The course will be a study of those and other questions through such imperial examples as Ancient Egypt and Persia, the ancient Greek World, Rome and Constantinople, the Umayyads and Abbasids, the Tang Dynasty in China, the Mongol, Spanish, Dutch, Ottoman, Russian and British Empires, ancient and less ancient African Empires, Nazi Germany and Imperial Japan, the Soviet Union, the United States of America, and last but not least emerging global powers such as the European Union and China.
The primary textbook will be Amy Chua’s Day of Empire, available at AUC bookstore.
Classes will be held each Monday from 5.00 pm to 8.00 pm, at AUC Law Department, 15th Floor, Cairo Capital Club Building, 9A Rostom Street, Garden City.
No exam. Paper required.
All are welcome to attend.
Wednesday, October 1, 2008
Looking back at Happy Snaps

Sunday, September 28, 2008
Suggestions regarding AUC's new campus
The newly-formed AUC Foreign Students' Association has started distributing surveys in order to solicit feedback from students regarding the new campus move. Please pick up your survey from Room 25 (the Law Students' Association office) as soon as possible.
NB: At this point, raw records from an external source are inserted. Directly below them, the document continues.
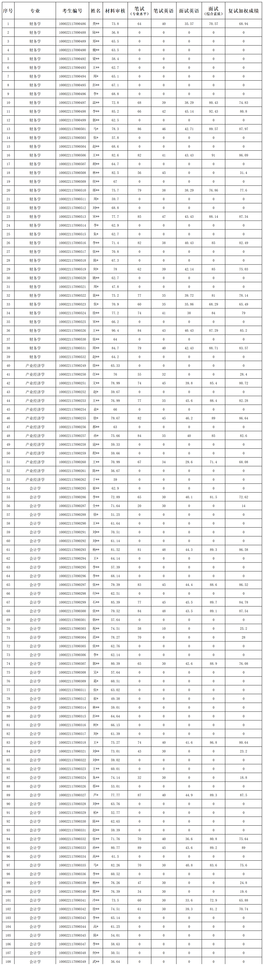 2022年博士“申请-考核制”招生考生成绩公示
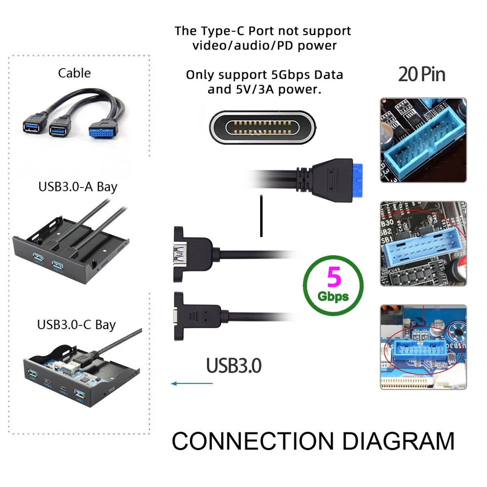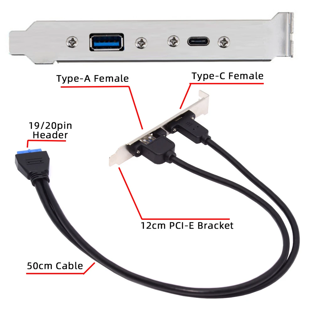 Comprar Cablecc-placa base a puertos duales USB 3,0, 19/20 Pines, USB-C tipo C y USB 3,0 hembra, Cable de Panel trasero PCI-E, 5gbps
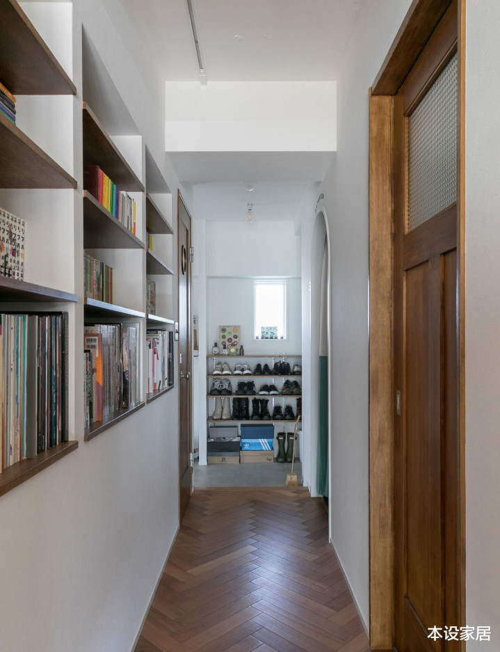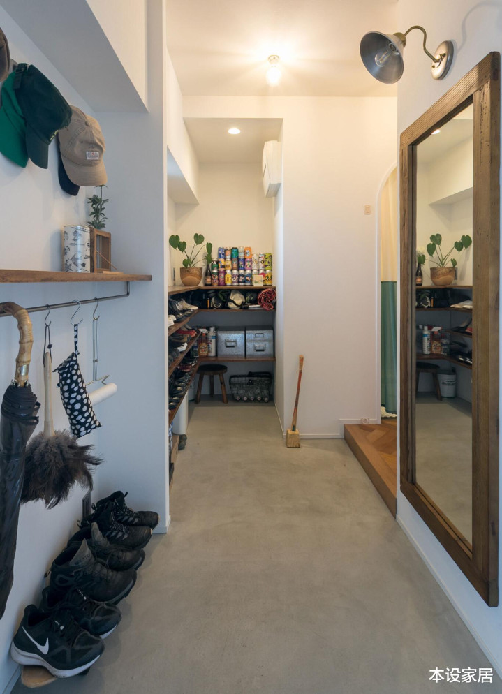 推开入户门,是经典的日式下沉玄关,除了可以减少灰尘和病菌带进内屋,也营造出一种生活的仪式感。 玄关地面做水泥自流平,耐磨好打理,在视觉上与内屋进行空间划分,夫妇俩的鞋子左右分开放置,并打扫得干干净净。 客厅
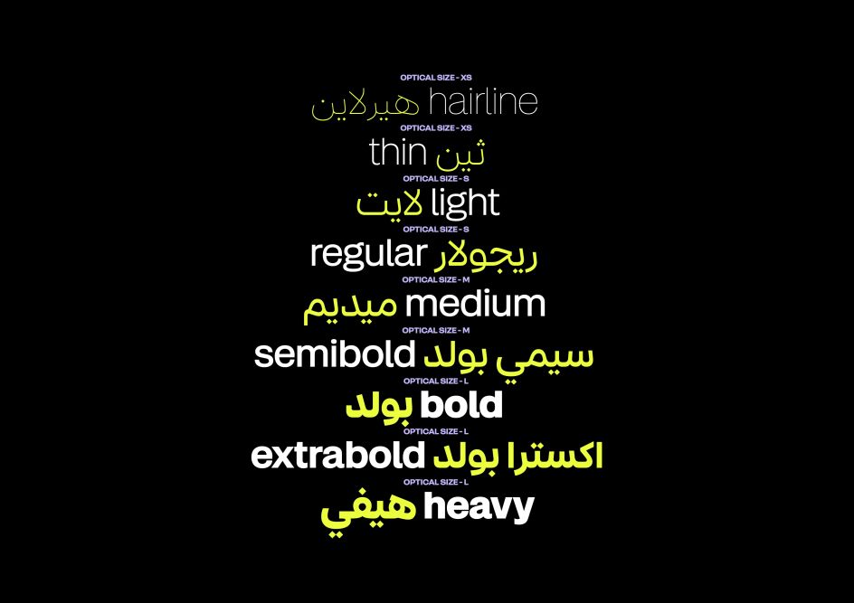 The family matches its Latin companion, Sets Grotesk, in breadth: nine weights across four optical sizes. Whilst smaller text sizes recede appropriately into background readability, the large optical size undergoes a complete personality transformation. Character skeletons widen, connections shorten, counters expand. The result is typography designed to capture attention and stand out, with long teeth, larger dots, and wider proportions that create a distinctive presence.
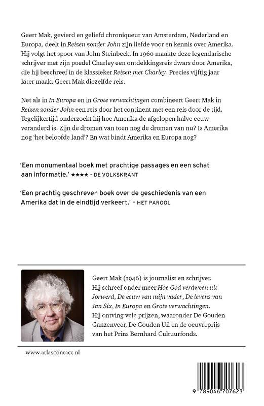 Net als in In Europa en in Grote verwachtingen combineert Geert Mak in Reizen zonder John een reis door het continent met een reis door de tijd. Tegelijkertijd onderzoekt hij hoe Amerika de afgelopen halve eeuw veranderd is. Zijn de dromen van toen nog de dromen van nu? Is Amerika nog ‘het beloofde land’? En wat bindt Amerika en Europa nog?
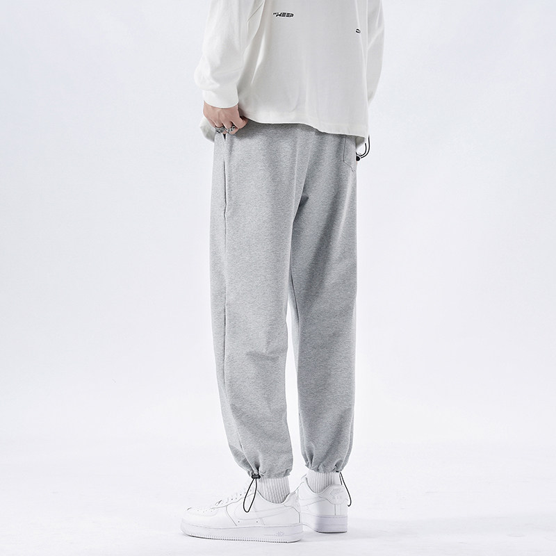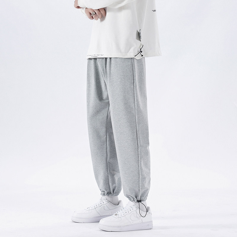 Sports Pants Male Grey Spring Summer Pumping Rope Bungles Pants Loose large size Fat Son Broadlegged Casual Pants Spring Autumn

This is the perfect forum for law students' (and students in the Forced Migration and Refugee Studies) program to express any grievances we may have regarding difficulties with the campus move, including with transportation, inclusion in activities, and requisite administrative activities.
Although feedback has been requested through this forum from foreign students in particular, Egyptian students are equally affected. Please pick up a survey regardless of your nationality, as we can use the information gathered to fully articulate all law students' concerns to the administration.
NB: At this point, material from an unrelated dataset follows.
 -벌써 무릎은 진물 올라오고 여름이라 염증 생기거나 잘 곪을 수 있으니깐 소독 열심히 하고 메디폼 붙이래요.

Please note that we are using all available forums to address our concerns. The survey is in addition to the petition being drafted by the Law Students' Association for submission to the administration.
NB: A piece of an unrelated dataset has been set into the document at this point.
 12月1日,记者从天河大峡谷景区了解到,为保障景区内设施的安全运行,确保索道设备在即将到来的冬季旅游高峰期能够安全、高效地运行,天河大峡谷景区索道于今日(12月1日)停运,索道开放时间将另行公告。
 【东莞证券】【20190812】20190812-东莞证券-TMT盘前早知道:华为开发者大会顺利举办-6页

Students may also want to check out the latest issue of the AUC Caravan, the student-run campus newspaper, which addresses issues related to the new campus move.
Wednesday, September 24, 2008
Jessup Moot Court Tryouts This Friday
This Friday, September 26, 2008
4pm, Law Department
Now in its 50th year, the Philip C. Jessup International Law Moot Court Competition is the world's largest moot court competition, with participants from over 500 law schools in more than 80 countries. The competition is a simulation of a fictional dispute between countries before the International Court of Justice, the judicial organ of the United Nations. A team from each participating school is required to prepare oral and written pleadings arguing both the applicant and respondent positions of the case.
Thousands of law students from around the world will work all year long on this season's Jessup Problem, which will address the power and authority of the International Court of Justice and other important international law issues. Most students must first compete in national and regional competitions (mostly held in January-March) to earn the right to advance to the world championship Shearman & Sterling International Rounds held every spring in Washington, D.C. The 2009 Shearman & Sterling International Rounds, which will mark the 50th Anniversary of the Jessup Competition, will be held March 22-28, 2009.